DXVA copy-back doesn't even initialize - it falls back to software mode with LAV Video.

egur
15th December 2013, 08:38
@NikosD, Interesting, please share the clips.

NikosD
15th December 2013, 08:45
The clips have been downloaded from your collection of DXVA limited clips with various resolutions of square, macroblocks, height or width limitations.
There are many of them.

If you don't have them anymore, tell me to upload one or two.

egur
15th December 2013, 08:57
I don't have those. Just share 1 of each resolution.

NikosD
15th December 2013, 09:02
OK.

But because you have both an IvyBridge and a Haswell processor, I want from you a comparison of H.264 decoding performance in DXVA native for selected clips of 1080p and 4K resolutions :)

Do we have a deal ? :D

egur
15th December 2013, 09:10
I'm not committing to anything these days. A lot of work issues. But I'll give it a try.
BTW, Intel® Graphics Performance Analyzers 2013 R4 is out.

NikosD
15th December 2013, 09:17
I tried Intel GPA 2013 R4 on my system but nothing changed.

Still, media performance metrics (which have raised from only 3 to 11!) show me null values during playback.

Also I have a lot of hang-ups of OS while using 2013 R4.
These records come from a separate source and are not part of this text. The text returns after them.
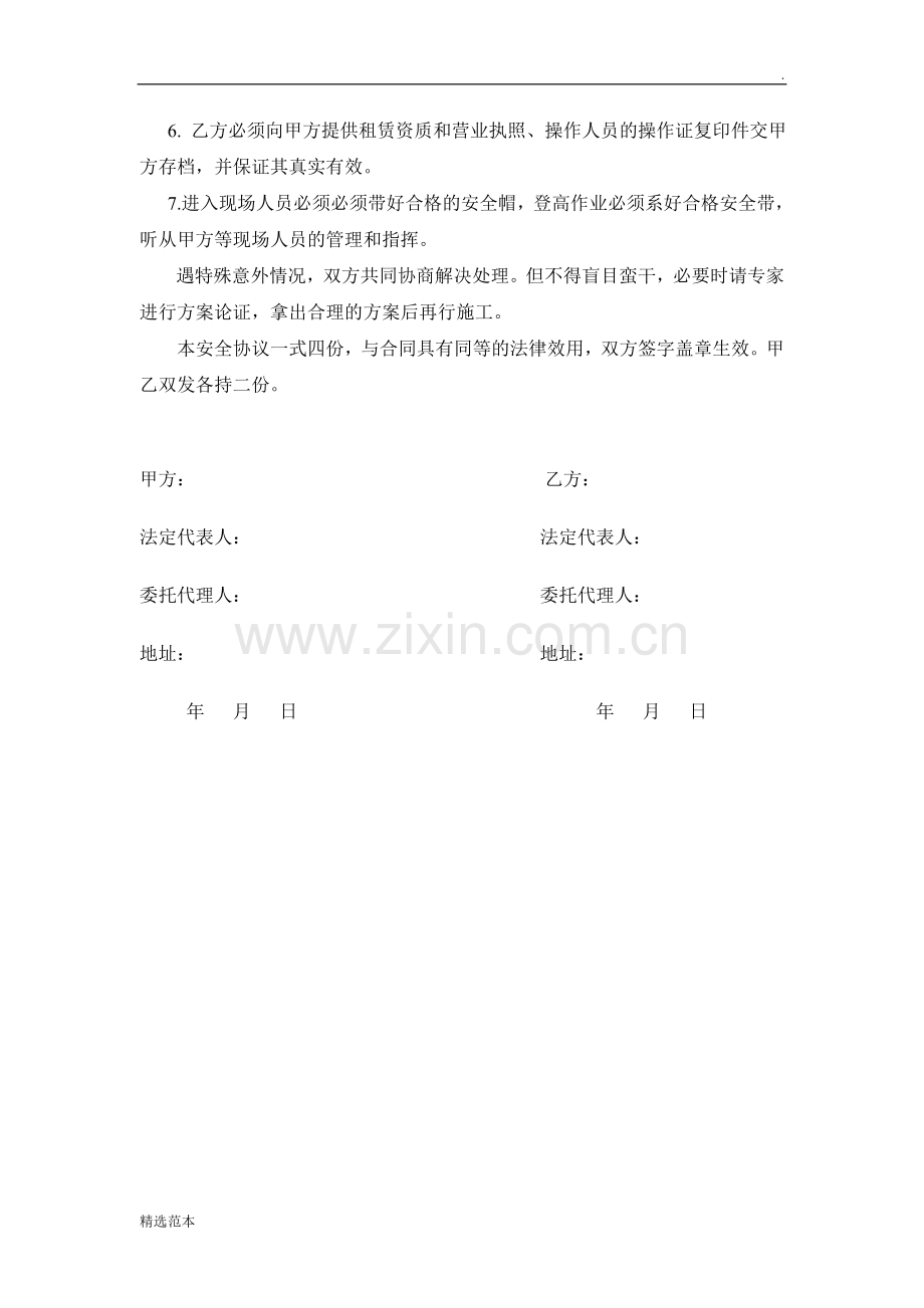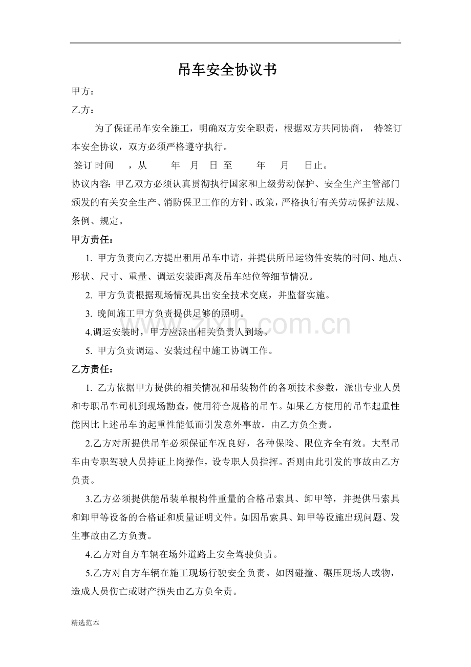 为了保证吊车安全施工,明确双方安全职责,根据双方共同协商, 特签订本安全协议,双方必须严格遵守执行。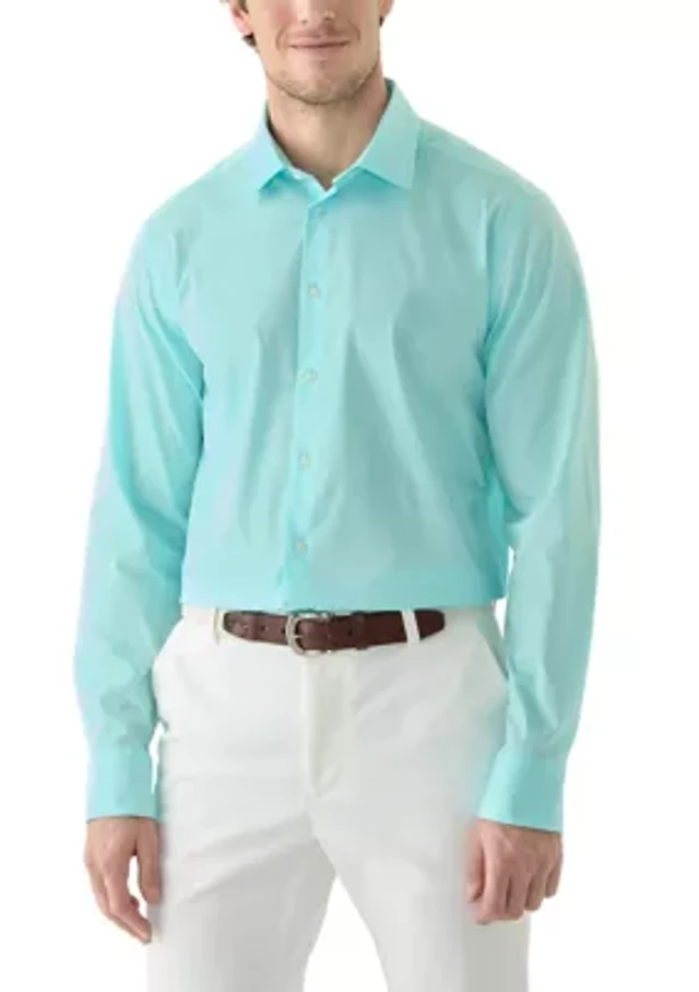 Men's Slim Fit White Solid Performance Stretch Dress Shirt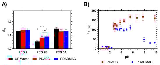 This swelling study was carried out in ultra-pure water with no pH modification. To further confirm the complexation between PAA and these flocculants, a fluorescently loaded polymer probe was synthesized and tested. We showed that this type of PAA can be used as a fluorescent sensor for polymer flocculants, using the emission anisotropic correlation time (τc) to monitor changes in polymer segmental mobility. Using this established method [], fluorescently labelled PAA was tested in the presence of the flocculants, and it was found that, when the pH of the solution was between 2.5 and 6, there was a strong interaction between these polymers, resulting in a slower rotation of the PAA and an increase in the Tc compared to the polymers at low pH. When mixed with PAA, PDAEC and PDADMAC both showed an increase in τc above pH 2.9, correlating with the deprotonation of the acid functional group on the backbone monomers. The correlation time increased sharply and remained constant up to pH 6. Then, for PDADMAC, the correlation time decreased as the solution became more alkaline. Alternatively, the τc of the PDAEC complex remained constant at 160 ns above pH 6. This demonstrated that, at neutral pH, PAA can drive phase separation to remove these potential waterborne polymer pollutants from solution. This confirmed the interaction potential of the PAA linear chains to interact with the polymer flocculants and the swelling mass change observed, shown in Figure 7.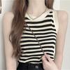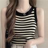 Letní korejské pruhované pletené tílko dámské kulatý výstřih bez rukávů slim tílko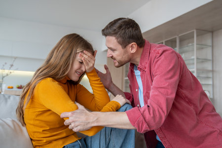A woman beaten by her husband standing behind her and looking at her aggressively. Domestic violence.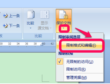 2、在点击掩护文档的小箭头——》限制格式和编辑。

Maybe Pentium G3000 series is still not compatible with that program.

Anyway a typical sample of a square sample with image distortion using QS decoder is here:
http://speedy.sh/Tm7BR/4080x4080-VP5.mkv

BTW, do you know why SandyBridge latest driver for HD2000 ver 3347 doesn't have VC1_VLD2010 support like Haswell ?

Are they going to add it in future driver releases ?

egur
15th December 2013, 09:22
SandyBridge drivers are feature-frozen, only serious bug fixes from now on.